Balıkesir Masöz Bayan Melda Hanım

Balıkesir Masöz Bayan

Edward’ın sahil süresince geldiğini gördü, ilk başta silueti kararmakta olan çakılların üzerinde bir lacivert lekeden öte değildi, bazen hareketsiz görünüyor, dış hatları titreşip eriyor, bazen de, sanki Balıkesir Masöz Bayan satranç tahtası üzerinde birkaç kare birden ilerletilmiş bir taş benzer biçimde daha yakın oluyordu. Günün son ışığı sahile yayılmıştı, Florence’in gerisinde, uzakta, doğuya doğru, Portland’ın nokta nokta ışıkları vardı, bulutların alt tarafları uzak bir kentin sokak lambalarının sarımtırak ışığını donukça yansıtıyordu. Edward’ı seyrederken, daha yavaş yürüse keşke, diye düşündü, çünkü kabahatluluk duygusuyla karışık tehlike duyuyordu, birazcık daha kendi başına kalmak istiyordu. Az sonrasında konuşacakları ürkütüyordu Florence’i. Bildiği kadarıyla, olanları tanımlayacak sözcükler mevcut değildi, aklı başında iki yetişkinin bu olanları birbirlerine tarif edebilecekleri ortak bir dil de. Bu konuyu tartışmayı ise hayal bile edemiyordu.
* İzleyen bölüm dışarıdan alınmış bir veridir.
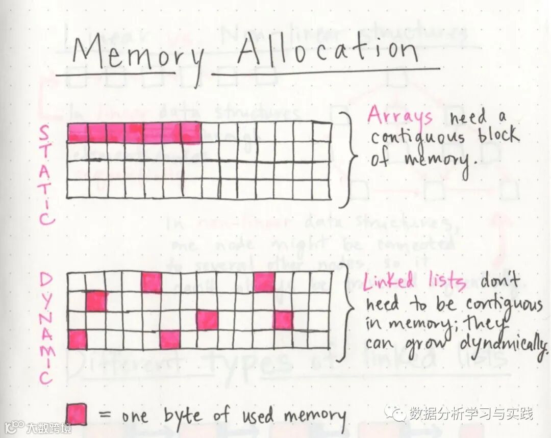 阵列和链表的根本区别在于,数组是静态数据结构,而链表是动态数据结构。静态数据结构需要在结构创建时分配所有的资源;这意味着即使结构的大小增加或缩小,元素被添加或删除,需要事先给定的大小和内存量。如果需要向静态数据结构添加更多的元素,而它没有足够的内存,你需要复制该数组的数据,然后用更多的内存重新创建它,以便可以向它添加元素。

Tartışma filan olamazdı. Bunu düşünmek istemiyordu, Edward’ın da aynı şekilde hissetmesini umut ediyordu. Fakat başka ne hakkında konuşacaklardı ki? Başka hangi nedenle buradaydılar? O mevzu aralarında bir coğrafi şekil şeklinde duruyordu, bir dağ, bir burun gibi. Adlandırılamaz, kaçınılmaz biçimde. Ve utanıyordu Florence. Meydana getirdiğinın artçı şoku içinde yankılanıyor, hatta kulaklarında çınlıyordu. Bu nedenle sahilde, ayağındaki ince ayakkabılarla sert çakıl taşlarının arasından geçerek buralara kadar koşmuştu, odadan ve orada olan her şeyden uzaklaşmak, kendinden kaçmak için. Iğrenç davranmıştı. Iğrenç. Bu biçimsiz fakat nazik sözcüğü aklından birkaç kere geçirdi. Kesinlikle bağışlayıcı bir terimdi -kendisi çok kötü tenis oynuyor, kız kardeşi çok kötü piyano çalıyordu- ve Florence bu sözcüğün kendi davranışını tanımlamak yerine maskelediğini anladı.

Balıkesir Masöz Bayan

Bununla beraber, Edward’ın utancının da farkındaydı -üstünden kalkarken yüzünde beliren o gerilmiş, şaşkın bakış, sırtından aşağı kıvrıla kıvrıla uzanan o titreyiş. Ama Florence bunu düşünmemeye çalışıyordu. Sadece kendinde değil Edward’da da bir tuhaflık olmasının içini birazcık rahatlattığını itiraf etmeye cesaret edebilecek miydi? Edward’da doğuştan bir hastalık olsaydı, örneğin aileden gelen bir lanet, tıpkı idrar kaçırma yahut ağzına bulaşır diye Florence’in kör inançla asla yüksek sesle söylemediği bir sözcük olan kanser şeklinde -saçmalıktı doğal, ama böyle olduğunu asla kabul etmezdi- utançla ve sessizlikle korunabilecek türden bir hastalık olsaydı, ne kadar korkunç ama hem de ne kadar da rahatlatıcı olurdu. O vakit birbirleri için üzülürler, farklı hastalıkları onları aşkta birbirlerine bağlardı. Ve üzülüyordu Edward için, ama kendini biraz da kandırılmış hissediyordu.